**Data for analysis**
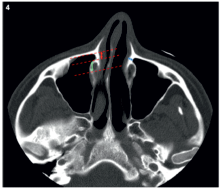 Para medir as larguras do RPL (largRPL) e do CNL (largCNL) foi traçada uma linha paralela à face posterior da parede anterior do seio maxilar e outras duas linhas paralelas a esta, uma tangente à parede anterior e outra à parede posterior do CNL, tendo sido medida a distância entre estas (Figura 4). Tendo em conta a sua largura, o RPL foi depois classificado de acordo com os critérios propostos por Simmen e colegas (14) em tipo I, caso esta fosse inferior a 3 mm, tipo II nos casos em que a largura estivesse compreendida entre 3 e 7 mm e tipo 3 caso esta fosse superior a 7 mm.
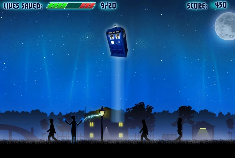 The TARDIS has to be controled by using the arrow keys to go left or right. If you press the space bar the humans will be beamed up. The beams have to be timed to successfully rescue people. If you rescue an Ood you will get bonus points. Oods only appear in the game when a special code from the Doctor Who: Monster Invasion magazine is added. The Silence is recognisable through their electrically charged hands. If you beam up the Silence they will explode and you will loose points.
* * *
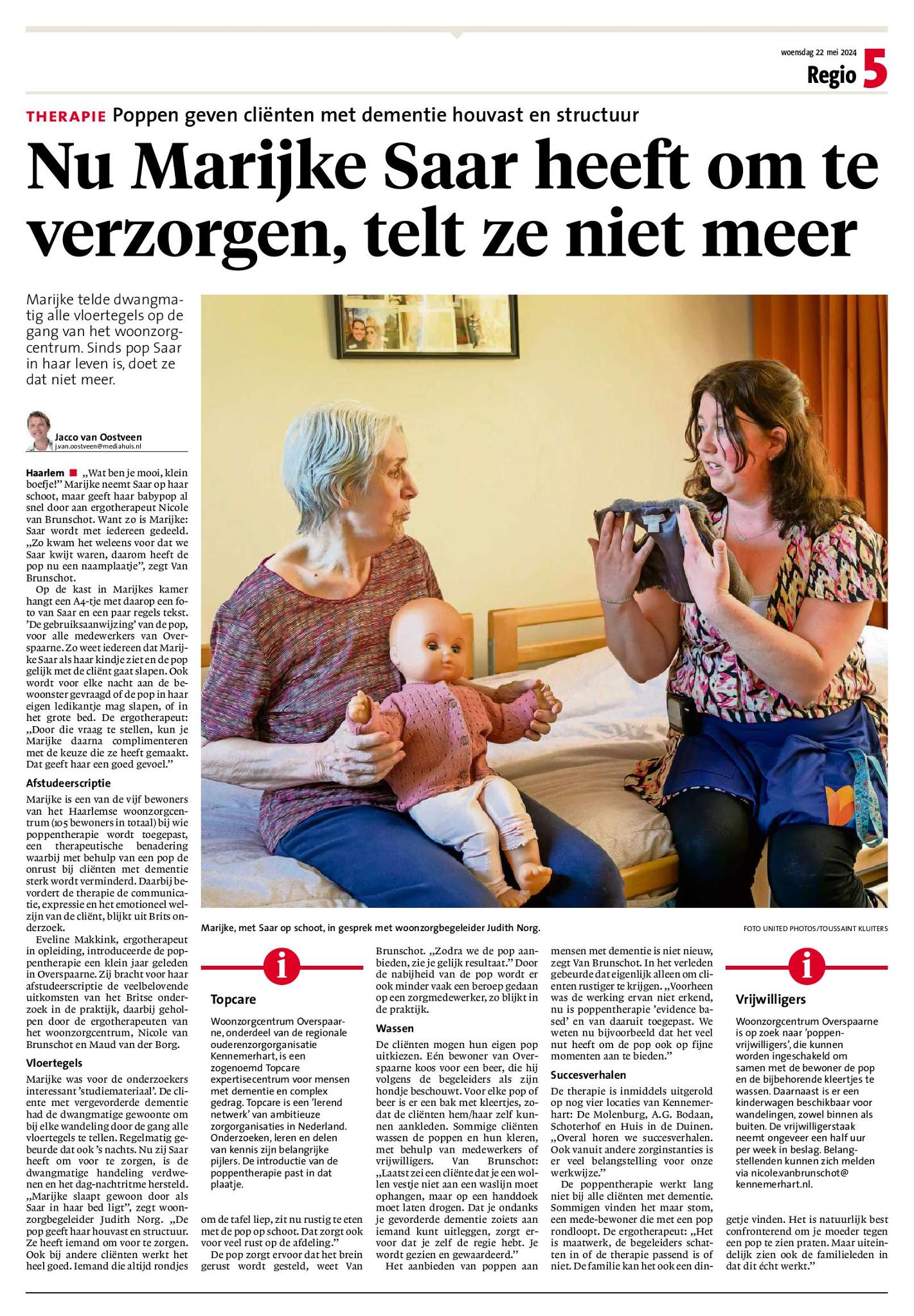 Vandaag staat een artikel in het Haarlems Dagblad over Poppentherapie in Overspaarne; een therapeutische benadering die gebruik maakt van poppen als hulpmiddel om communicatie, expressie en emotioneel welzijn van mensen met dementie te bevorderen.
==
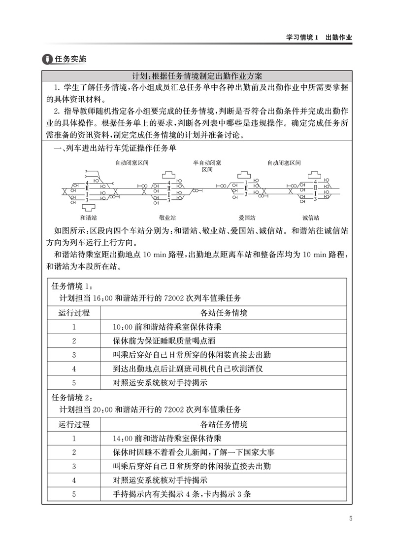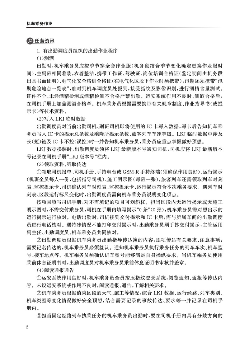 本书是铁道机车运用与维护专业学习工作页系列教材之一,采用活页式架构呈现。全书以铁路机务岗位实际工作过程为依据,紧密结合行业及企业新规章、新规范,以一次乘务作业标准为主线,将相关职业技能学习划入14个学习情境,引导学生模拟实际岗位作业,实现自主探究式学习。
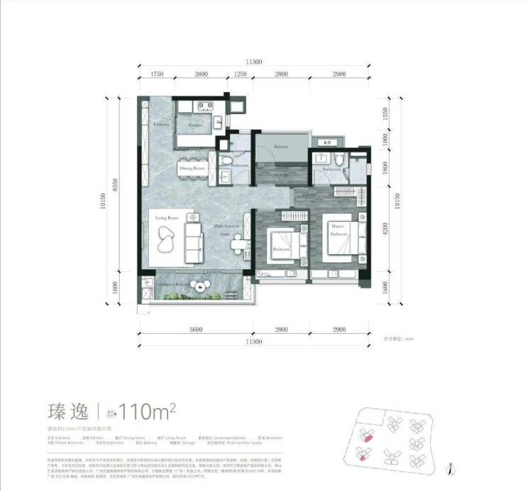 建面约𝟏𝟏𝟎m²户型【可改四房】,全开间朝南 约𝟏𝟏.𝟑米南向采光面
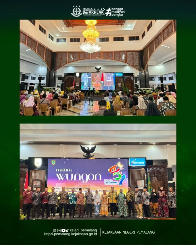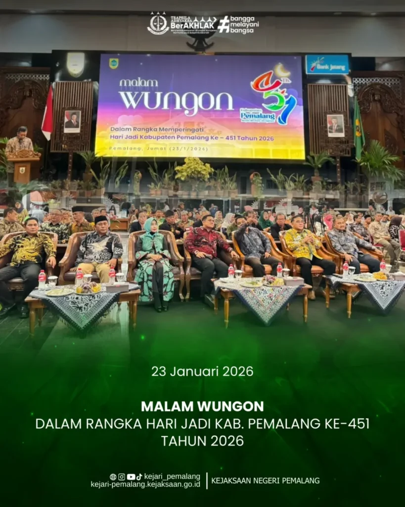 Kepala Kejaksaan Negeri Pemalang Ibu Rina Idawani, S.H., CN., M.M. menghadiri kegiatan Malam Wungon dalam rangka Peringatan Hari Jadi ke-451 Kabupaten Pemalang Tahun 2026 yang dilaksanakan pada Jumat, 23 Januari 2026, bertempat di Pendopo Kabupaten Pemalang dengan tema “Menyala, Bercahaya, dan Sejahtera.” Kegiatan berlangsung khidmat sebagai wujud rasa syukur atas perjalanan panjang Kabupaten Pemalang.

**Activity**
Line for line, output the entries above from the line with "Para medir as" to the line with "The TARDIS has", both included, and nothing more. Skip pictures.

**The answer**
 Para medir as larguras do RPL (largRPL) e do CNL (largCNL) foi traçada uma linha paralela à face posterior da parede anterior do seio maxilar e outras duas linhas paralelas a esta, uma tangente à parede anterior e outra à parede posterior do CNL, tendo sido medida a distância entre estas (Figura 4). Tendo em conta a sua largura, o RPL foi depois classificado de acordo com os critérios propostos por Simmen e colegas (14) em tipo I, caso esta fosse inferior a 3 mm, tipo II nos casos em que a largura estivesse compreendida entre 3 e 7 mm e tipo 3 caso esta fosse superior a 7 mm.
 The TARDIS has to be controled by using the arrow keys to go left or right. If you press the space bar the humans will be beamed up. The beams have to be timed to successfully rescue people. If you rescue an Ood you will get bonus points. Oods only appear in the game when a special code from the Doctor Who: Monster Invasion magazine is added. The Silence is recognisable through their electrically charged hands. If you beam up the Silence they will explode and you will loose points.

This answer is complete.